A lot of people are going through financial hardships right now but it’s about making the most of a seller’s situation and trying to help them out.
It’s not about just taking pure advantage of sellers that are in really tricky situations. You know, this particular seller that we were working with is in a situation where, you know, letting their property go for the price that we bought it at still made more sense to them financially than if the bank went in and closed in on them. For them, this property would have still been sitting around not doing very much had we not sort of been negotiating and was timely in the sense that we could act quickly. We didn’t stuff around too much on finance conditions or building and pest conditions. Like we made the deal happen for them quickly, which was more of a priority for them rather than, you know, maybe sitting around waiting for 3 or 6 months, you know, and hoping for the right price to come along.

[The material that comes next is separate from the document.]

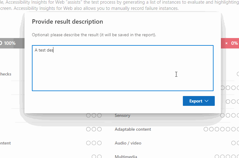 Currently, opening the export dropdown clears the user's description in the export dialog. If they then download an export, the description will be there. If they don't download at that moment, the description is lost. This PR updates the behavior to be in line with current production behavior wherein the user's description is not cleared until they start a new assessment.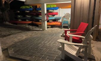 We have a community grill and beach chairs for your enjoyment on the ground patio area. We also have a firepit on the beach, along with kayaks and paddleboards to enjoy!

So, you know, that’s what I mean when I say, okay, you know, just be ready, you know, is what I’m trying to say. If you’re financially able to buy again, if you’re in any situation where you’re a little bit unstable, a little bit uncertain, then you know, it would probably make more sense for you to just sit it out for now, you know, even though there are deals to be done, I think the sleep at night factor is probably the most important thing in any of our lives. Even if we’re buying a property, even if we’re making really good money, if you can’t sleep at night, I think there’s no point to it at the end of the day. So that’s where I’m at at the moment.